I nomi di coloro che sono coinvolti nella creazione di un falso consenso basato su informazioni inesatte sono diventati un famigerato promemoria dei pericoli di un'eccessiva dipendenza da alcuni individui politicamente motivati: Anthony Fauci, Francis Collins, Jerome Adams, Deborah Birx e voci successive come Ashish Jha e Vivek Murthy.

Ce ne sono stati molti altri che hanno avuto un impatto significativo sulla dilagante diffusione di idee, mandati e politiche indifendibili e immediatamente smentite.

Molti continuano anche nel 2024 a sostenere politiche fallite, “interventi” che ancora non funzionano e panico inutile. E tutto con la volontaria partecipazione dei principali media dediti a portare avanti le loro narrazioni preferite. Ad esempio, coloro che sostengono la serie infinita di vaccinazioni contro il Covid rispetto all’immunità naturale.

Questa settimana abbiamo visto due trame estremamente opposte sulle narrazioni Covid che indicano ancora una volta la disastrosa incompetenza della classe degli “esperti”.

Nuove varianti significano le stesse vecchie maschere

Forse le due scuse più popolari per il fallimento degli interventi pandemici sono state la mancanza di conformità e le nuove varianti.

Gli Stati Uniti non sono stati in grado di controllare il Covid perché non abbastanza persone indossavano maschere, anche se la Svezia ha ottenuto risultati migliori praticamente senza mascheramento. E la Corea del Sud, con la sua cultura del mascheramento, è arrivata in cima alle classifiche dei casi. Per non parlare del fatto che l’influenza è stata debellata in paesi con strategie di mitigazione e rispetto delle mascherine molto diverse.

Quindi, quando prevedibilmente sono emerse nuove varianti nel corso del 2021 e del 2022, il fallimento dei vaccini Covid nel controllare le infezioni e la disintegrazione della risposta in Nuova Zelanda, Australia, Singapore e altrove sono stati attribuiti alla variante Delta e Omicron.

Non importa l’assurdità di credere che il Covid potrebbe essere eliminato o controllato in modo permanente se varianti marginalmente più trasmissibili portassero a una diffusione sostanzialmente incontrollata.

Ma il panico variante non si è fermato nel 2022. E nemmeno nel 2023. E, considerato l'inizio del 2024, non si fermerà nemmeno quest'anno.

Le Dom., un giornale con sede nel Regno Unito, ha riferito dell'aumento della variante JN.1 in un articolo del 9 gennaio, descrivendo ciò che gli "esperti" in Inghilterra si aspettavano che accadesse come risultato di una nuova, più distinta variante emergente attorno al vacanze.

Con le temperature che crollano e la socializzazione all’interno con i propri cari durante il periodo natalizio, gli esperti prevedono che i casi potrebbero continuare ad aumentare per tutto gennaio.

Il professor Peter Openshaw, esperto di virus presso l'Imperial College di Londra, ha dichiarato a The Sun Health: "Nelle prossime settimane assisteremo a un aumento piuttosto notevole delle infezioni: l'ondata potrebbe essere più grande di qualsiasi cosa abbiamo visto prima".

Ha detto, nel tentativo di contribuire a fermare la diffusione, gli inglesi che non hanno ricevuto un richiamo Covid quest’inverno dovrebbero prendere in considerazione l’idea di indossare nuovamente maschere in pubblico.
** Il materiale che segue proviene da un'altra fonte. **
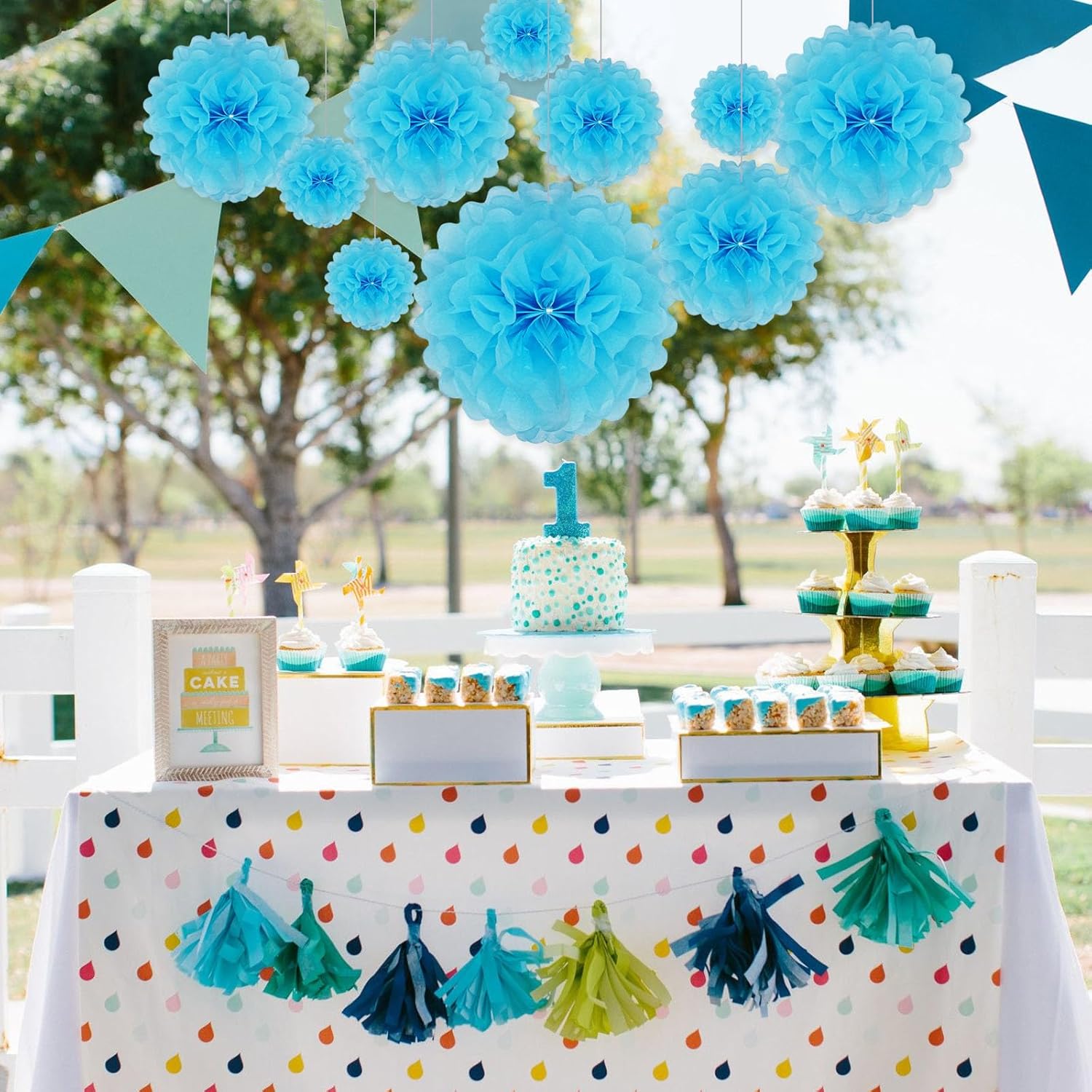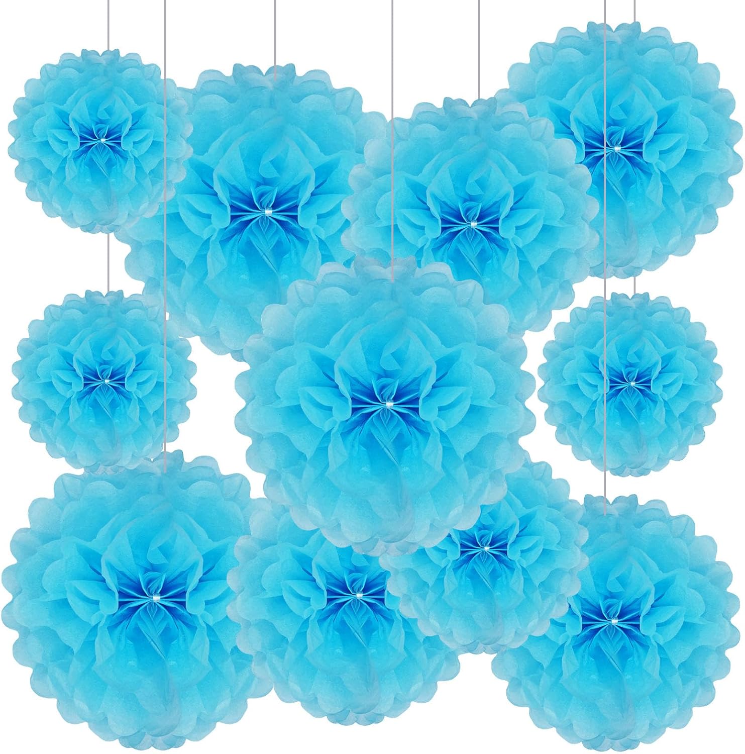- 【Large Set】20 Pieces blue paper flower balls include 6 of 6-inch, 6 of 10-inch, 5 of 12-inch, and 3 of extra-large 14 inch paper pom pom flowers.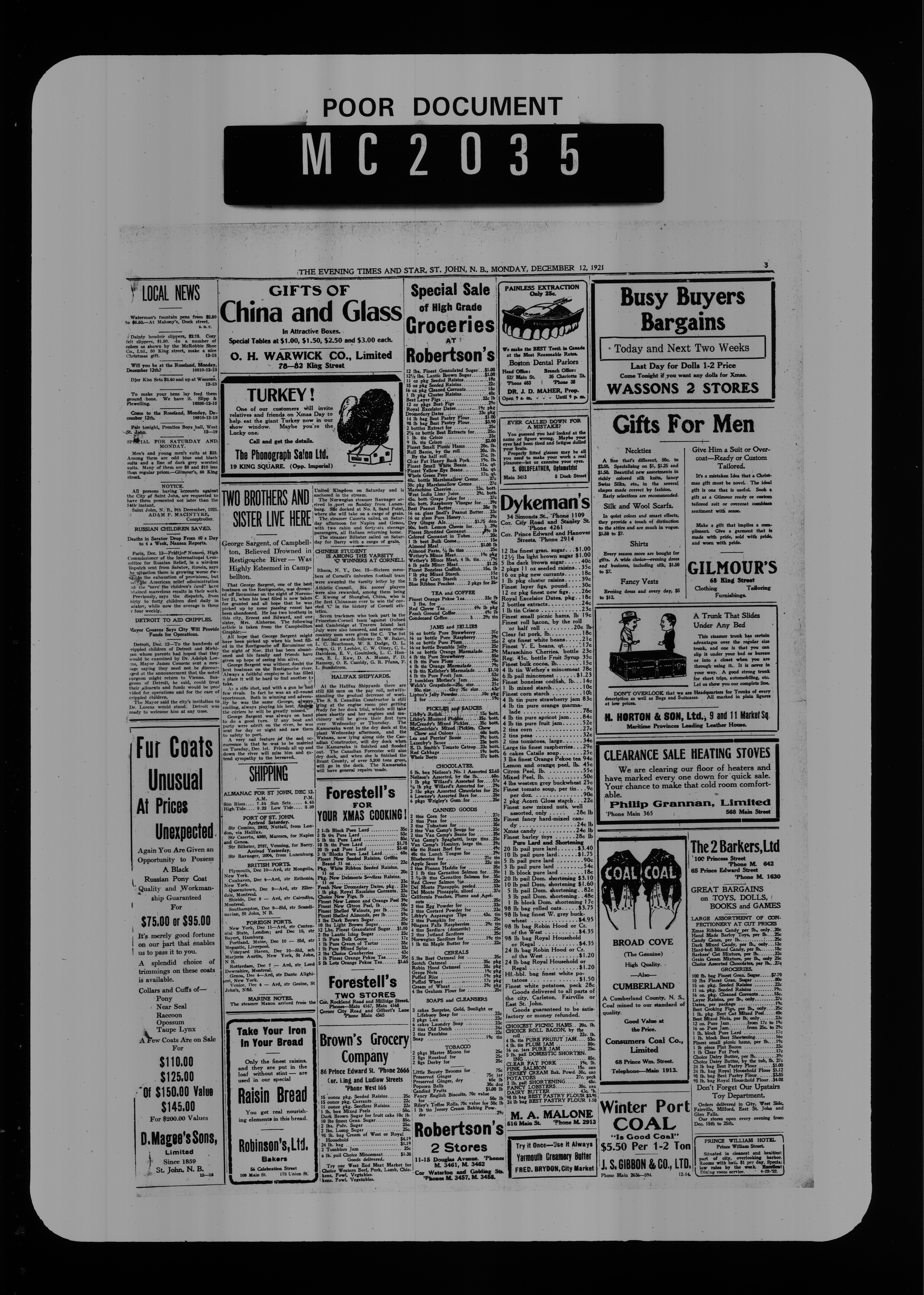 The Evening times star : Vol. XVIII, No. 61 (December 12, 1921)

"Per contribuire a fermare la diffusione, coloro che non hanno ricevuto il richiamo Covid dovrebbero prendere in considerazione l'idea di indossare mascherine nei luoghi pubblici, come sui treni, quando fanno shopping e in occasione di grandi eventi", ha affermato.

Un “esperto di virus” dell’Imperial College, lo stesso Imperial College da cui ha avuto origine il famigerato modello di Neil Ferguson, ha fatto la previsione che “vedremo un’impennata piuttosto importante delle infezioni” con un’onda che “potrebbe essere più grande di qualsiasi cosa abbiamo mai visto”. ho già visto."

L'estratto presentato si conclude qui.